* **Data provided**
::::

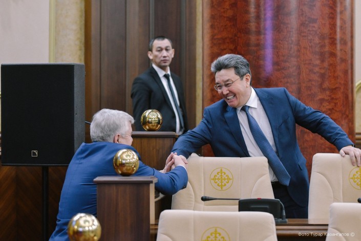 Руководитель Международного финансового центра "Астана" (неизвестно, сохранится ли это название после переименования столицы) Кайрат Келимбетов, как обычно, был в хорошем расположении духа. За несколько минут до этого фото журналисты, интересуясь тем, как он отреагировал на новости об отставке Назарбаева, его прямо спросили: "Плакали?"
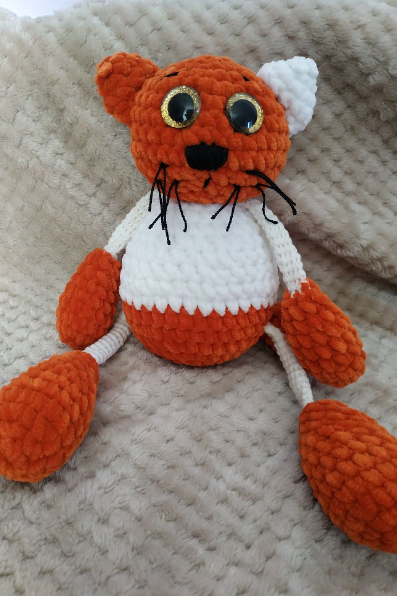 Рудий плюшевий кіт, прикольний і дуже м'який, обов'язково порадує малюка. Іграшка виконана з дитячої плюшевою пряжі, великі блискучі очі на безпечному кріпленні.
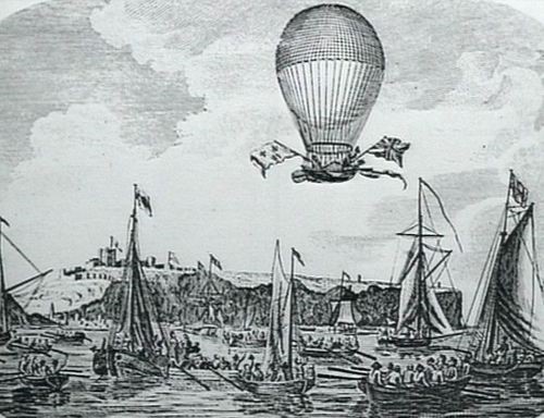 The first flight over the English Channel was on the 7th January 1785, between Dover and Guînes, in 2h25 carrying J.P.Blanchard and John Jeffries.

::::

* **Goal of the exercise**
Everything from the line with "Рудий плюшевий кіт, прикольний" through the final line of the material is to be returned exactly, both ends included, apart from the pictures.

* **Problem solution**
 Рудий плюшевий кіт, прикольний і дуже м'який, обов'язково порадує малюка. Іграшка виконана з дитячої плюшевою пряжі, великі блискучі очі на безпечному кріпленні.
 The first flight over the English Channel was on the 7th January 1785, between Dover and Guînes, in 2h25 carrying J.P.Blanchard and John Jeffries.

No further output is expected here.